**What you have to do:** Find "Belo chá de" below and begin at its line; stop after the line with "The Unity editor". Output those lines exactly, without pictures.
(Exercise materials Opens)
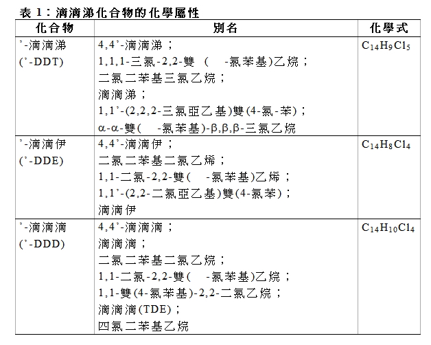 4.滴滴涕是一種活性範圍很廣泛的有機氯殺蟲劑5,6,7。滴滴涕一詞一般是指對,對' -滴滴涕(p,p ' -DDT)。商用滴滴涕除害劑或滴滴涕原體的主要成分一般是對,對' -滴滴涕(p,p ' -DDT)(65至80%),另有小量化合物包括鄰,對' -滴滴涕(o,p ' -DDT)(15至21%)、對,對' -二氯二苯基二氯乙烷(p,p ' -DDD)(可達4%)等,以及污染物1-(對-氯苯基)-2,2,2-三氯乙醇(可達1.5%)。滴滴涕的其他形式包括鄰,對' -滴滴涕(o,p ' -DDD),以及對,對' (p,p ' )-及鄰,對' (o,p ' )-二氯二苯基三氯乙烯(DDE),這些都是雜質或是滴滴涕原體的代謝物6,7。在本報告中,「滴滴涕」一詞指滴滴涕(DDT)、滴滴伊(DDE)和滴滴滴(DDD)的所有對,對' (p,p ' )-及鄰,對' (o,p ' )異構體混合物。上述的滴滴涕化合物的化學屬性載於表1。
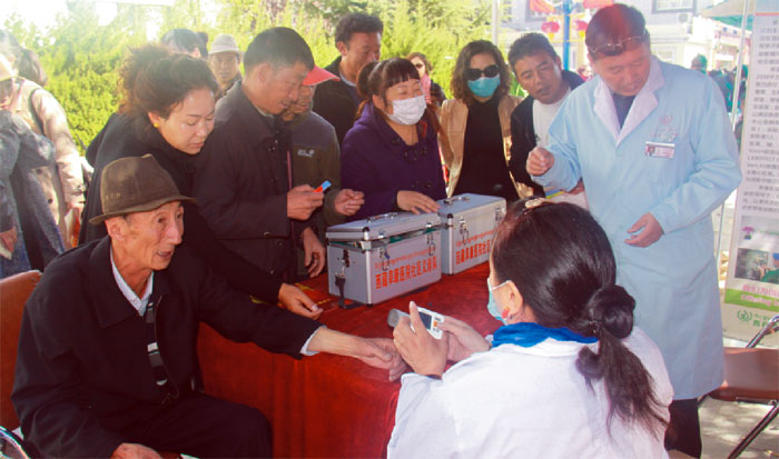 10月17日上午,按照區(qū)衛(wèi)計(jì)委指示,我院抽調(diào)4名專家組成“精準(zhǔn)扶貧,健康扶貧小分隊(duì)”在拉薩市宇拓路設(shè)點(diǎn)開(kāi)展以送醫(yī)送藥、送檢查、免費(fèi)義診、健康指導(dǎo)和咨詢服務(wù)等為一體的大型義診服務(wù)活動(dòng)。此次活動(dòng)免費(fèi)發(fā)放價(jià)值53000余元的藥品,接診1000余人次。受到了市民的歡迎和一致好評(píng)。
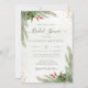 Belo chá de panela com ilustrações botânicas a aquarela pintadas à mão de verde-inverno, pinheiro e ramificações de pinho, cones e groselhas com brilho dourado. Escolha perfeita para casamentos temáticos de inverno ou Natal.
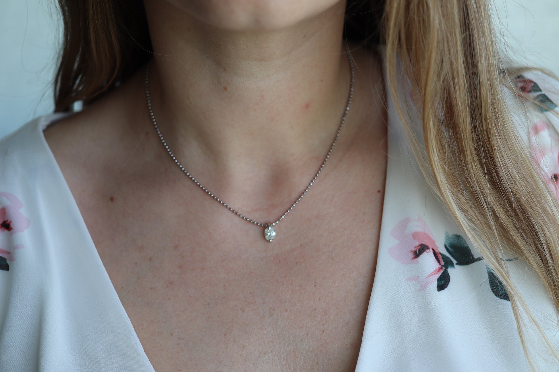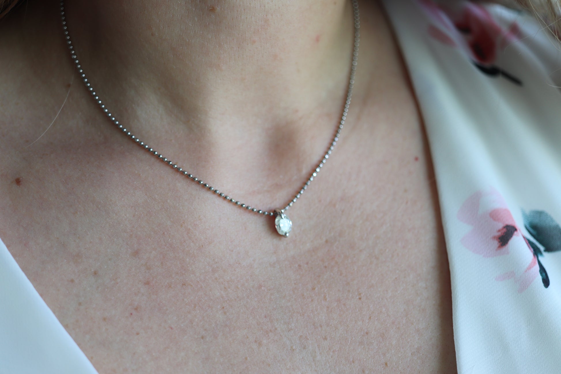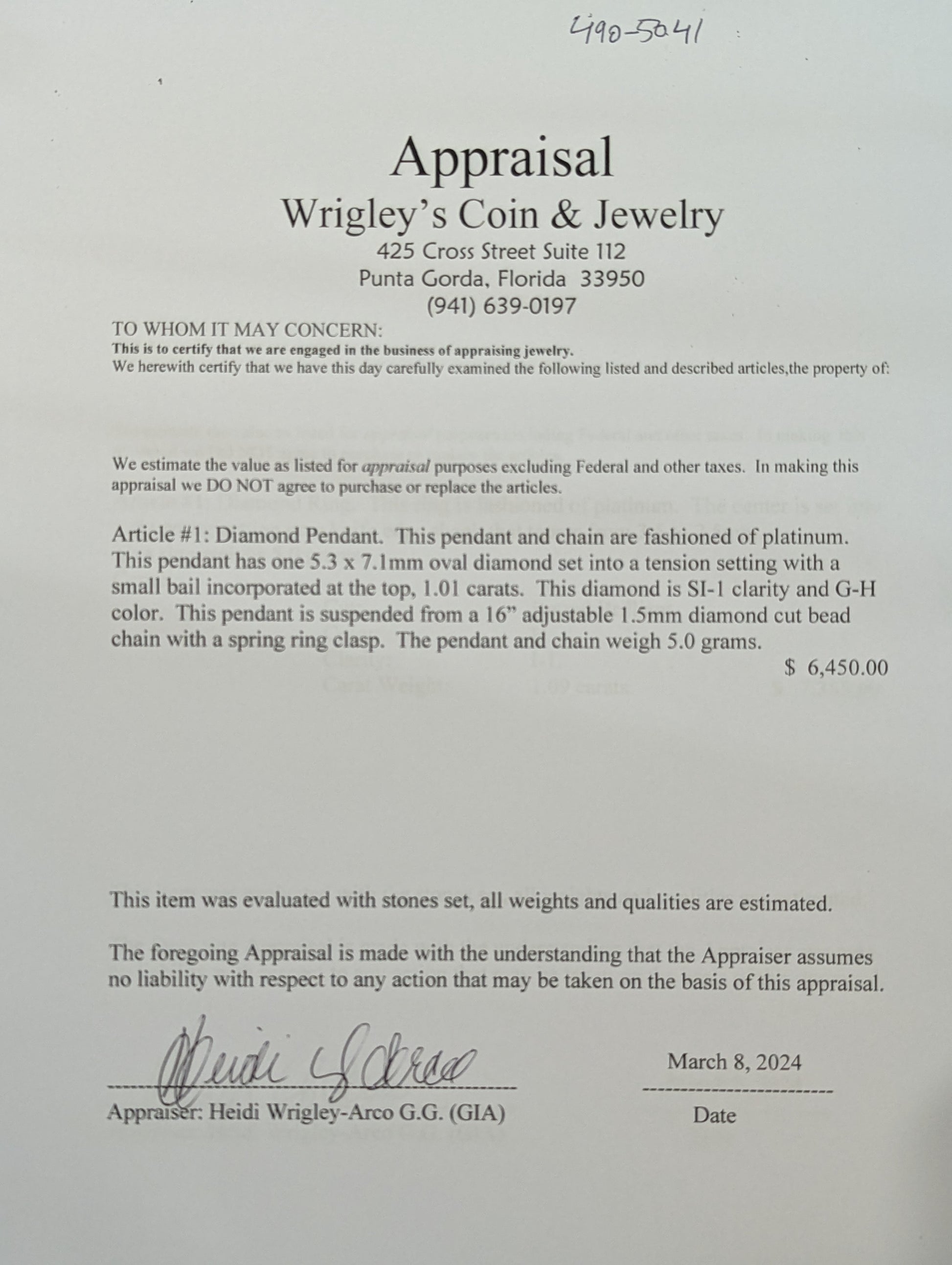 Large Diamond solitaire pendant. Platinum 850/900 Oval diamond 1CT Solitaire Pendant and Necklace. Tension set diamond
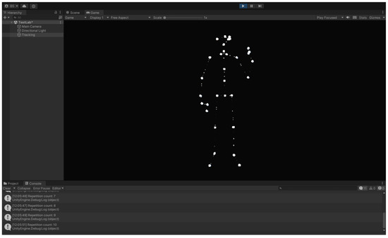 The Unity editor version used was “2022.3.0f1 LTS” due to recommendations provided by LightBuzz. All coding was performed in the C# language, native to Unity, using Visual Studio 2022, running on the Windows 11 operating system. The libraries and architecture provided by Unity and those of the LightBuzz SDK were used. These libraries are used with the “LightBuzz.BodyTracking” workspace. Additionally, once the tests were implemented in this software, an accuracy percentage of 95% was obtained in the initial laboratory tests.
(Exercise materials Closes)
(Exercise materials Opens)
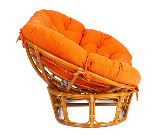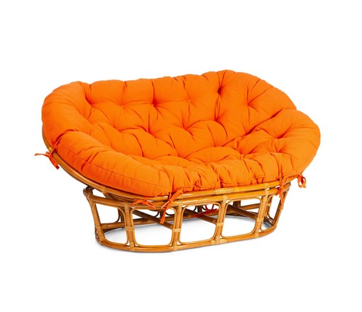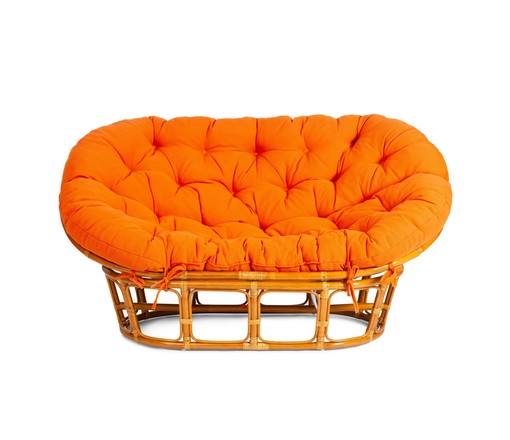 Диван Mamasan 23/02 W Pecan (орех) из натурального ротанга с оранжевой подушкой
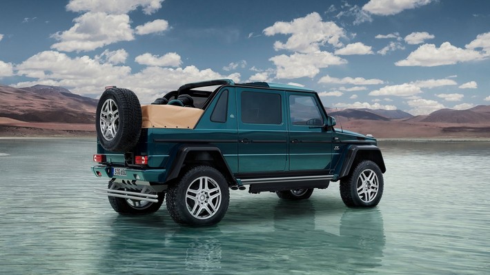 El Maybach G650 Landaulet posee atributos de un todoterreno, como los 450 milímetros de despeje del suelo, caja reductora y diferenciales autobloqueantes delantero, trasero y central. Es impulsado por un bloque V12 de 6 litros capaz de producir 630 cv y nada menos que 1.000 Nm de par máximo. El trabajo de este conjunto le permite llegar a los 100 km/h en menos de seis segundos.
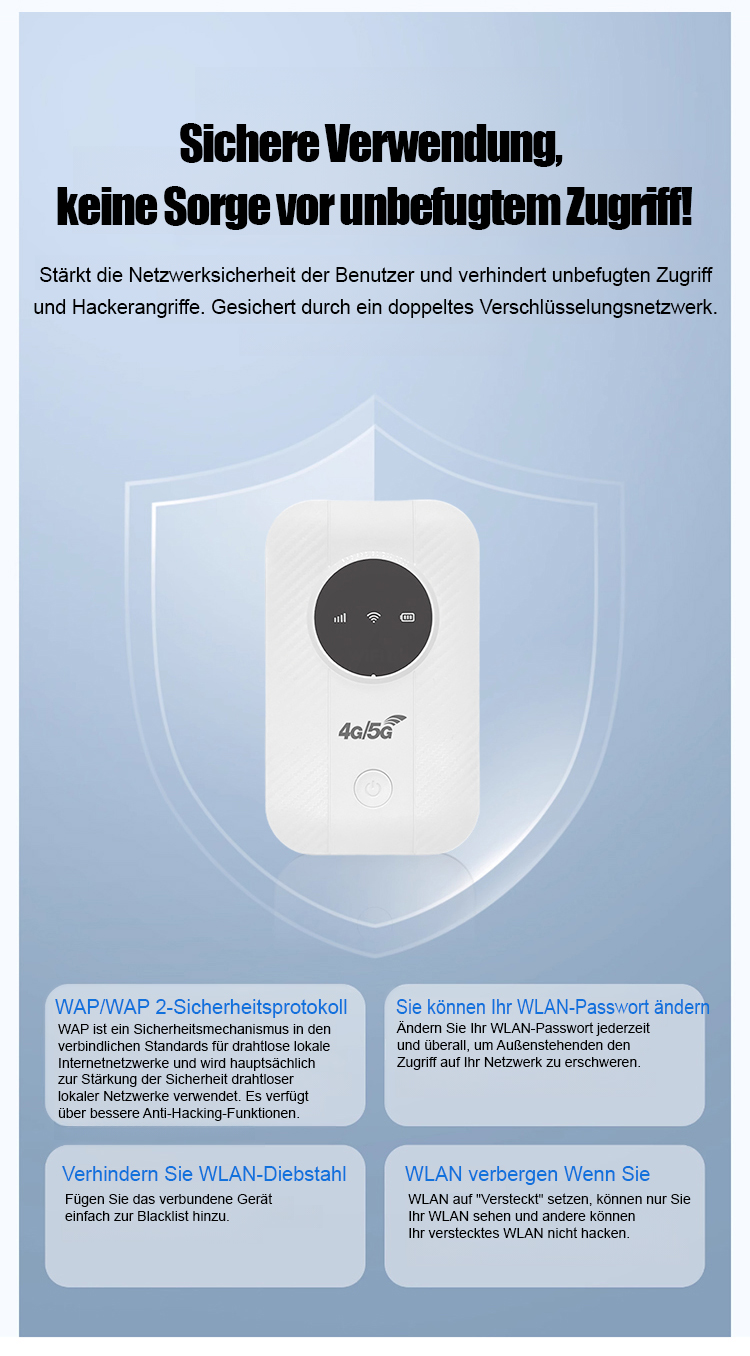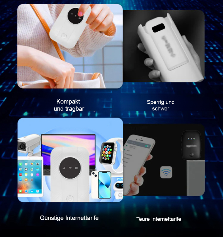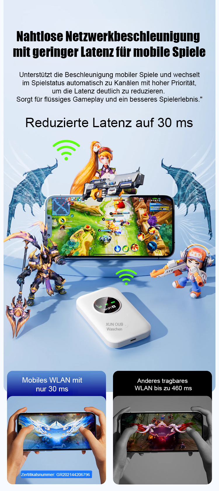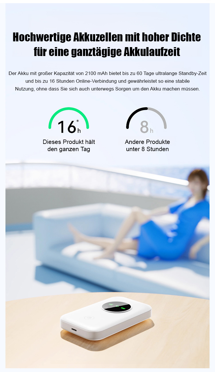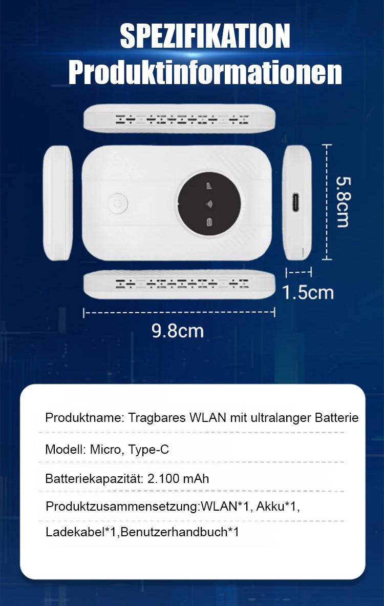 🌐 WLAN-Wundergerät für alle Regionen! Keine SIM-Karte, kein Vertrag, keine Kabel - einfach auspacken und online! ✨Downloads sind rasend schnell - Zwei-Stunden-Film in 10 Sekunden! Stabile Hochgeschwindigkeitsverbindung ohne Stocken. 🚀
(Exercise materials Closes)
(Exercise materials Opens)
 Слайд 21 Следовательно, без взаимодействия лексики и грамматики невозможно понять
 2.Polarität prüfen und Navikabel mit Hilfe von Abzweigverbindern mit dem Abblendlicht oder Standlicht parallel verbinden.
(Exercise materials Closes)
**Answer to this task:**
 Belo chá de panela com ilustrações botânicas a aquarela pintadas à mão de verde-inverno, pinheiro e ramificações de pinho, cones e groselhas com brilho dourado. Escolha perfeita para casamentos temáticos de inverno ou Natal.
 Large Diamond solitaire pendant. Platinum 850/900 Oval diamond 1CT Solitaire Pendant and Necklace. Tension set diamond
 The Unity editor version used was “2022.3.0f1 LTS” due to recommendations provided by LightBuzz. All coding was performed in the C# language, native to Unity, using Visual Studio 2022, running on the Windows 11 operating system. The libraries and architecture provided by Unity and those of the LightBuzz SDK were used. These libraries are used with the “LightBuzz.BodyTracking” workspace. Additionally, once the tests were implemented in this software, an accuracy percentage of 95% was obtained in the initial laboratory tests.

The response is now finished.